Answer by Roger Stafford on 27 Sep 2013
Accepted answer

I am not sure what you mean by "largest empty circles". Empty of what? However, if the actual question you are asking is how to list all possible combinations of three points chosen from a set of about 50, that is easily done. I assume the numerals you used to identify the points are indices. Just call on matlab's 'nchoosek' function to get all possible combinations of three indices out of a set.

 c = nchoosek(1:n,3);

where n is the number of points. The output 'c' will be an array of size n*(n-1)*(n-2)/6 by 3. Each row will have a different combination of three distinct indices ranging from 1 to n.

2 Comments

Ian Wood on 27 Sep 2013

My apologies, what I mean by "largest empty circles" is that they only include 3 points, and that there are no other points inside of these circles. This function you provided looks useful, although it is not the optimal approach I think this is going to do what I need it to. I will experiment with this method in my code and let you know if it works.

Ian Wood on 27 Sep 2013

Yep that did it. Thanks a lot for the help Roger!

Roger Stafford
Answer by Teja Muppirala on 27 Sep 2013
Edited by Teja Muppirala on 27 Sep 2013

You don't have to try all combinations. You just need to calculate the Delaunay triangulation. Assuming that no 4 points lie on the same circle (which is a very reasonable assumption, since you could always just slighly perturb them if they do), then every triangle that does not contain any other points in it is part of the Delaunay triangulation, and this Delaunay triangulation is unique.
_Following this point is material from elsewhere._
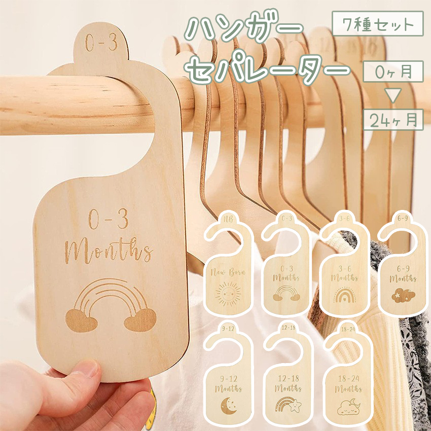 ハンガーセパレーター 7種セット サイズ仕切り 服の仕切り ベビー 赤ちゃん 子供用 木製 ディバイダー ワードローブ 洋服 衣服 お店 洋服店 かわ

In other words, given some points in a plane, the Delaunay triangulation consists of all the triangles whose circumcircles do not contain other points, and any triangle whose circumcircle does not contain other points, must be part of the Delaunay triangulation.

n = 50;         
x = rand(n,1);
y = rand(n,1);
dt = delaunayTriangulation(x,y)
triplot(dt);
hold all;
plot(x,y,'ko');

3 Comments

Ian Wood on 27 Sep 2013

Thanks for responding Teja, I understand this is what MATLAB does by default in its voronoi(...) function. I am doing research on another method (plane sweep algorithm) and need to build a code from scratch that doesn't use the same approach as MATLAB. Is this method faster than what Roger suggested?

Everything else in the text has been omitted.